Myeloma Exosomes Prime the Microenvironment to Support Survival and Growth of Myeloma Cells

Introduction

Myeloma bone marrow serum primes healthy donor (HD) bone marrow cells to support the survival and growth of myeloma plasma cells (MMPC) in co-culture. Following interaction with the MMPC, the phenotype of the HD bone marrow stroma changes and the expression of immune regulatory factors is increased while expression of genes associated with osteoblastogenesis and WNT signaling is suppressed. The aim of this study was to determine whether exosomes in the myeloma bone marrow serum have a role in priming the microenvironment.

Methods

Serum was separated from clotted bone marrow aspirates from myeloma patients obtained during scheduled clinic visits, and from healthy donors of similar ages.
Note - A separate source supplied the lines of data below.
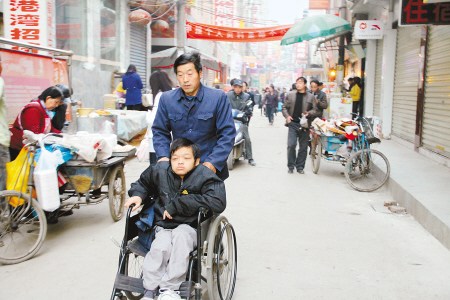 李存良推著兒子前往學(xué)校。(記者劉珂 實習(xí)生趙曉龍/攝)
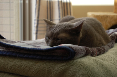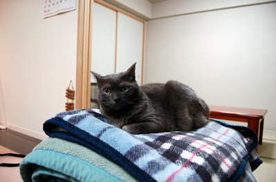 旧居で使っていたボロボロの毛布をそのまま持参。
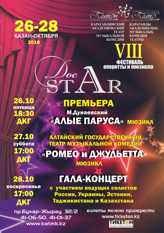 В рамках проведения XI Открытого фестиваля оперетты и мюзикла «DosStar» состоится гала-концерт с участием ведущих солистов из Казахстана (г. Нур-Султан), России (г. Калининград), Белоруссии (г. Минск), Италии, Франции. Концерт идет в сопровождении симфонического оркестра Карагандинского академического театра музыкальной комедии.

Exosomes were prepared from 1-2 ml of serum using Invitrogen's Total Exosome Isolation kit according to manufacturer's instruction. Exosomes were 30-130 nm in diameter as determined by Dynamic Light Scatter on a Brookhaven Instruments Corp. ZetaPlus Particle Sizing Software, and visualized by scanning electron microscopy. Small RNA (≤200 nucleotides) was isolated using Qiagen's miRNeasy kits, quality and quantity assessed with Qubit 2. 96 microRNAs (miRs) were analyzed by qRT-PCR on Fluidigm's BioMark platform using 96x96 multiplex chips and normalized to spiked in C. elegance miR mimetic.
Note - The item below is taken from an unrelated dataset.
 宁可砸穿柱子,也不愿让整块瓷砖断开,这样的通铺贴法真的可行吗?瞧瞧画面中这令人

Primary CD138-expressing cells were isolated from EDTA-anticoagulated bone marrow aspirates. Luciferase-expressing stroma-dependent myeloma cells were described previously (Bam, BMC Cancer 2015:864). Healthy donor mesenchymal stem cells (MSC) were prepared from bone particles obtained during orthopedic surgery, and cultured in a-MEM supplemented with 10% FBS.
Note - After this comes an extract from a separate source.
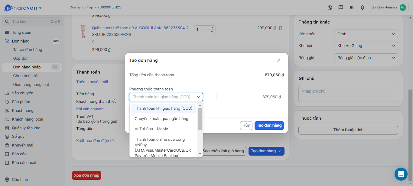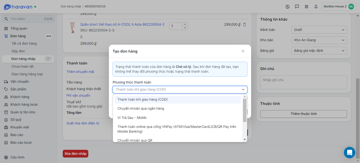 Khi bạn thực hiện cập nhật thanh toán cho đơn hàng nháp, một đơn hàng mới từ sẽ được tạo từ đơn hàng nháp và đơn hàng nháp sẽ chuyển sang trạng thái Đã hoàn thành.
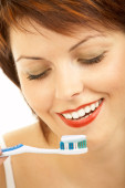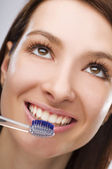 kobieta zbliżenie zdrowy ząb ze szczoteczka do zębów na czarnym tle

Primary myeloma cells or luciferase-expressing stroma dependent myeloma cells were added to wells containing monolayers of MSC in α-MEM supplemented with 10% FBS in 96 well culture plates. For each experiment 3 conditions were used: A control group, a group to which 10% myeloma bone marrow serum was added, and a third group to which exosomes isolated from a matching bone marrow serum aliquot were added. The number of primary MMPC dictated that these experiments were carried out in duplicates, while the stroma dependent cells were plated in 5 replicates. Viable primary cells counts or luciferase bioluminescence were evaluated after 4 days of co-culture.

Results

Exosomes supported survival and growth of primary MMPC in co-culture with HD MSC, but had no effect on MMPC cultured alone, indicating that the myeloma bone marrow serum exosomes prime the MSC to support the MMPC. Exosomes from 5 of the 7 patients supported growth of stroma-dependent myeloma cells co-cultured with HD MSC. In a representative experiment, the bioluminescence of stroma-dependent myeloma cells was 46% higher in co-cultures supplemented with bone marrow serum (p=7.3E-6) and 23% higher (p=2.0E-6) when exosomes were used. The effect was reproduced when primary MMPC were used: in a representative experiment, the number of primary MPC recovered from the co-cultures supplemented with bone marrow serum was 41% higher, and when supplemented with exosomes 28% higher than in controls. Primary MMPC did not survive in the absence of MSCs and bone marrow serum or exosomes did not enhance their survival.

Conclusions

Exosome from bone marrow serum of myeloma patients prime the bone marrow microenvironment to support survival and growth of primary MMPC. Bone marrow serum is more effective, indicating that other factors in the serum are also important. The differences in microRNA contents between healthy donor and myeloma exosomes may provide an insight of the regulatory mechanisms molding the myeloma bone marrow microenvironment.